Album | JP Harris – Sometimes Dogs Bark At Nothing

Joshua Pless Harris seems to be the essence of a Kris Kristofferson song: “walking contradiction, partly truth, partly fiction.” Yet Harris has lived enough in 35 years for three men, leaving home at 14, hopping trains, working as a sheet metal scrapper, orchard worker, farmer labourer, heavy equipment operator, logger, historic restoration carpenter, and occasionally making albums of real country music. Sometimes Dogs Bark At Nothing is one of those from a man who knows exactly what he’s talking about.

Produced by Morgan Jahnig, the standup bassist in Old Crow Medicine Show, there’s an essential vibe to the music that comes from the instructions participants were given. Harris told them, “Take five days to think about these songs. Please write notes of whatever ideas come to mind. Please don’t talk to each other about it. Let’s all just get in the studio on day one and compare notes as we go.” Clearly that approach paid off.

The album crackles with energy. Southern rock doesn’t come any more spirited than on ‘JP’s Florida Blues’, recounting Harris’s escapades when it was “85 and snowing.”

‘When I Quit Drinking’ takes a hard look at the not necessarily good old days when a bottle was his best friend, over a bed of acoustic and steel guitar. Revealingly it also details that problem alcoholics face: “When I quit drinking, I start thinking about starting up again.” Clearly not the sort of song featured on today’s country radio.

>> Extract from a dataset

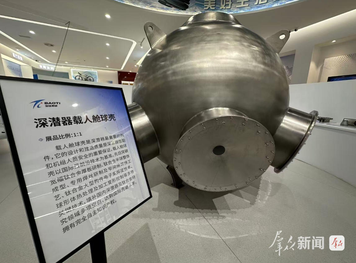 9月23日,走進(jìn)寶鈦集團(tuán),展覽館內(nèi)碩大的深潛器載人艙球殼模型將時(shí)間線拉回5年前。2020年11月,裝有寶鈦研制生產(chǎn)的鈦合金載人球艙的“奮斗號(hào)”載人潛水器在馬里亞納海溝成功坐底10909米,創(chuàng)造我國(guó)載人深潛的新紀(jì)錄。

‘Sometimes Dogs Bark At Nothing’ questions why we do the insane things we do, especially when we already know exactly what we need. At its essence the song is simply an acoustic guitar, a slide guitar, and the truth. “Why did I go out looking for answers at the all night bars with the pole dancers, when the truth was waiting in a warm bed back at home?” These are lessons that have been learned the hard way, which is sometimes the only way.

This is country music in the tradition of Waylon and Willie and every other insane cowboy who insists on keep the music pure while singing the truth. JP Harris doesn’t just sing these songs, he inhabits every one of them. That we are offered a peak inside the low lights, high life, and the man who inhabited both is a rare opportunity to witness his truth.